电子商务采用数字化方式进行商业活动,是在电子网络环境中进行商品和服务的贸易活动。近年来,随着网络的普及和internet的发展,各企业均积累了大量的数据。如何从这些数据中发现潜在的规律,来帮助制定企业今后的发展战略,是各电子商务平台急待解决的问题。web挖掘作为数据挖掘的一个重要分支,为上述问题提供了有效的解决途径。
一、web挖掘
数据挖掘就是从大量的、不完全的、有噪声的数据中,提取隐含在其中的、人们事先不知道的、但又是潜在有用的知识的过程。它融合了数据库、人工智能、机器学习等多个领域的理论和技术。web 挖掘是数据挖掘在web上的应用,是指从与web相关的资源和行为中抽取感兴趣的、有用的模式和隐含知识。一般地,web挖掘可分为三类:
内容挖掘,是从文档内容或其描述中抽取知识的过程。它又可以分为web 页面内容挖掘和搜索结果挖掘。页面内容挖掘指的就是对web 页面上的数据进行挖掘, 而搜索结果挖掘则指的是以某一搜索引擎为基础,对已搜索结果进行挖掘。
结构挖掘,是从/dianzijixie/">电子商务站点的结构,将相关联的商品放在一起,减轻用户过滤信息的负担,增加交叉销售。
2.分类分析,通过学习已被告知类标号的训练集,得到分类器模型,然后将其用于对其它数据的分类。常用的方法有贝叶斯分类法、决策树技术和支持向量机技术。
3.聚类分析,使用划分方法、层次方法、基于密度的方法、基于网格的方法等技术,使同一类中的对象之间具有很高的相似度,而不同类中的对象高度相异。经聚类分析,可以对电子商务平台中的具有相似浏览模式的用户提供个性服务,以满足该类消费群体的特殊需要。

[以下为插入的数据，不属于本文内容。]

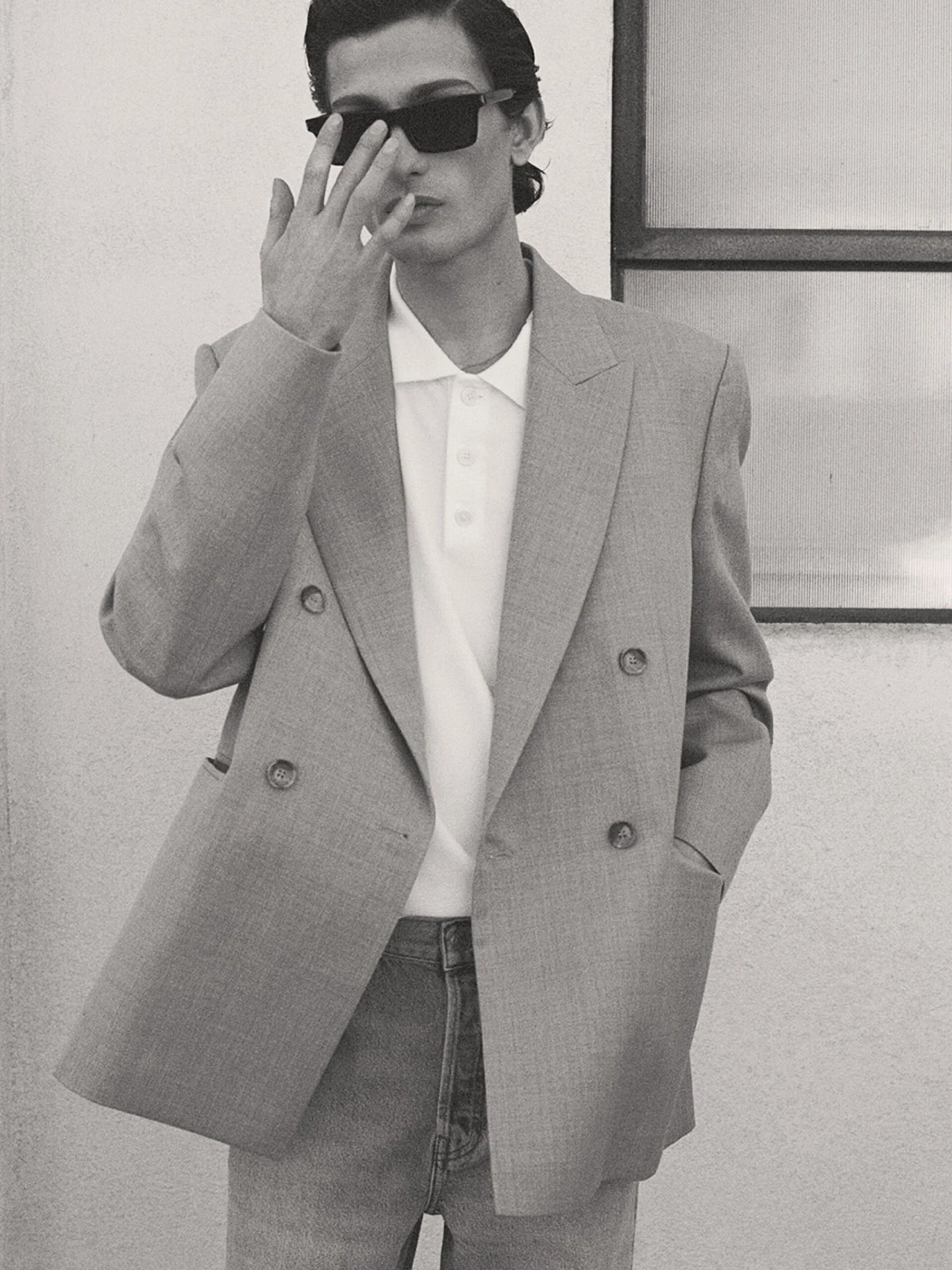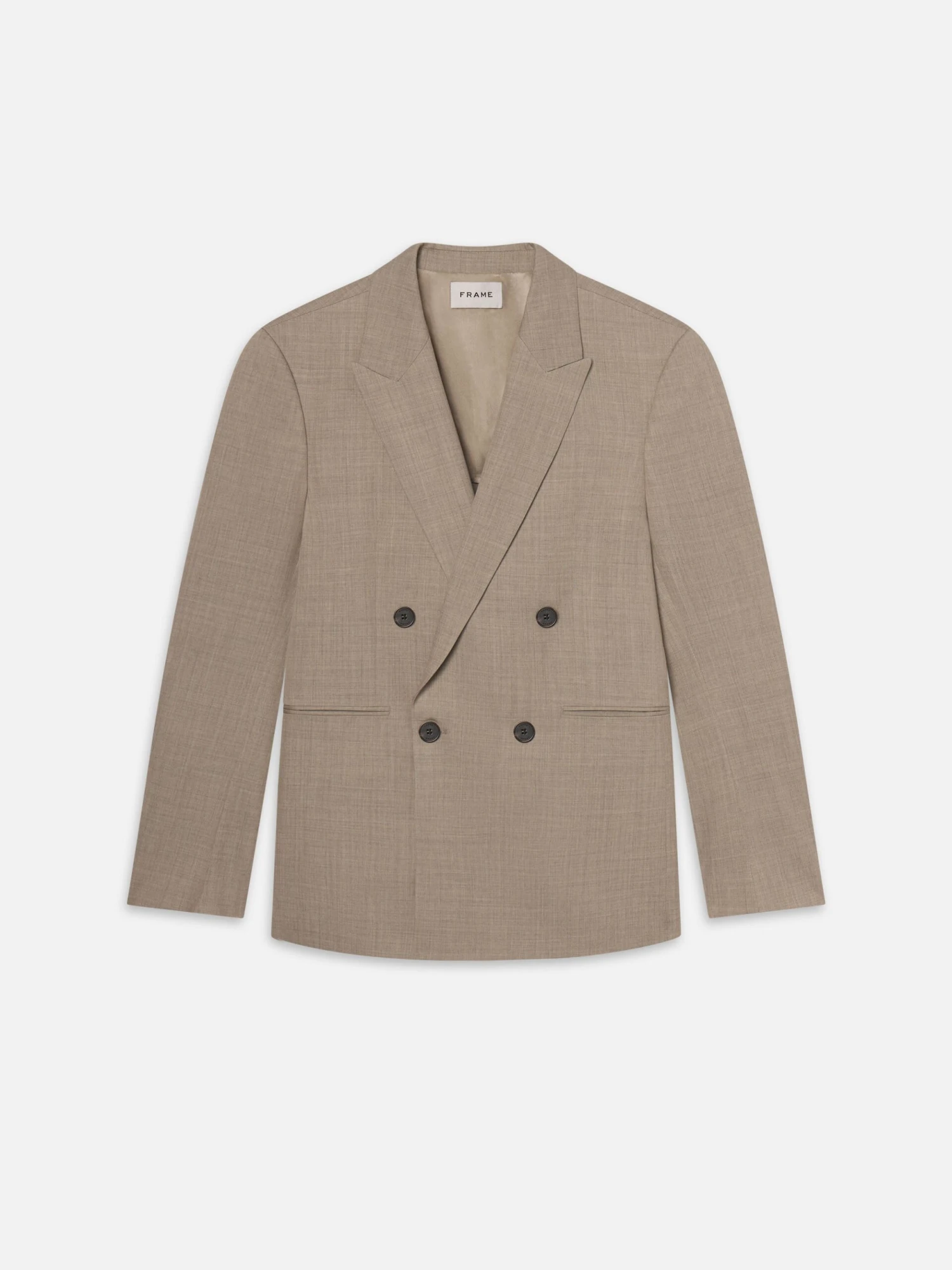 Tailored from wool with a soft drape, structured shoulders, and clean welt pockets. The sharp double-breasted blazer is finished in Vintage Khaki—a muted, modern neutral. Pair it with the matching trouser for a summer set that’s formal when you need it and effortless when you don’t.

4.序列分析,是挖掘频繁出现的有序事件或子序列模式,侧重于数据项间的前后关系。在电子商务平台上,可以帮助企业预测用户未来的购买行为,指导企业制定销售计划。
四、web挖掘在电子商务中的应用
1.提供个性化服务。通过分析用户的访问模式,对用户进行聚类和分类,为每一类用户提供迎合其兴趣的个性化服务,提高电子商务平台的人性化设计,从而提高用户的满意度,留住老用户;对具有潜在消费能力的用户,通过提供个性化服务,可以刺激他们的消费,提高电子商务平台的亲和力。
2.优化web站点结构。通过分析用户的浏览路径,用有向图来表示用户的整个页面访问过程,图中的顶点代表页面,图中的边代表页面的访问顺序。通过web挖掘找出频繁访问路径,得到电子商务平台上的主要页面,将重要的销售信息放在上面,有利于用户快速找到自己需要的商品。

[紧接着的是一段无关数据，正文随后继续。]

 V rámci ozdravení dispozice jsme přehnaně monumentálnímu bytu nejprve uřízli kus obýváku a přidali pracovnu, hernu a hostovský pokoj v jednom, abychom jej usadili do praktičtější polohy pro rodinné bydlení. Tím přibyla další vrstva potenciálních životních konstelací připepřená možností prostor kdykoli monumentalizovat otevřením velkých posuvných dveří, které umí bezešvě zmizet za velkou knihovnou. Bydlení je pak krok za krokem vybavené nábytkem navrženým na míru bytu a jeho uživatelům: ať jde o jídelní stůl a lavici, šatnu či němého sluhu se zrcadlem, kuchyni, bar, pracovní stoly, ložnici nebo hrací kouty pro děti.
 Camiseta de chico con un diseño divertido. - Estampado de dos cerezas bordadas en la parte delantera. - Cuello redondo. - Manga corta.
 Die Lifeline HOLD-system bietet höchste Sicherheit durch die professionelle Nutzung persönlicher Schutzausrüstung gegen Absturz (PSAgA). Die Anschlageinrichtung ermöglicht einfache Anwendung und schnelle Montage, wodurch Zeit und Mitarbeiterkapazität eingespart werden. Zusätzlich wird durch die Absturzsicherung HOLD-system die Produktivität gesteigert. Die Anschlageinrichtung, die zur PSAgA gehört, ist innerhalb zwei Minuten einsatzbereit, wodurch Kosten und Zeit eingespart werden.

3.降低电子商务平台运营成本。通过挖掘用户的行为记录和反馈情况,预测未来的购买行为,进行有针对性的市场营销活动;通过分析用户感兴趣的页面,有针对性地投放广告。
五、结束语
随着信息技术的飞速发展,电子商务在商业贸易中的份额越来越大,使用web挖掘技术对企业积累的海量数据进行处理,挖掘出合适的模式,帮助企业在激烈的市场竞争中做出正确的决策,对提高企业的市场竞争力有重要意义。随着web挖掘技术的不断发展和成熟,一定会在电子商务应用领域有广阔的应用前景。
参考文献:
[1]jiawei han,micheline kamber 著,范 明,孟小峰 译:数据挖掘概念与技术[m].机械工业出版社,2001,8
[2]朱志国 孔立平:web使用挖掘技术在电子商务的研究与应用.长沙通信职业技术学院学报,2007,7(1):32~37
中国论文网(www.lunwen.net.cn)免费学术期刊论文发表,目录,论文查重入口,本科毕业论文怎么写,职称论文范文,论文摘要,论文文献资料,毕业论文格式,论文检测降重服务。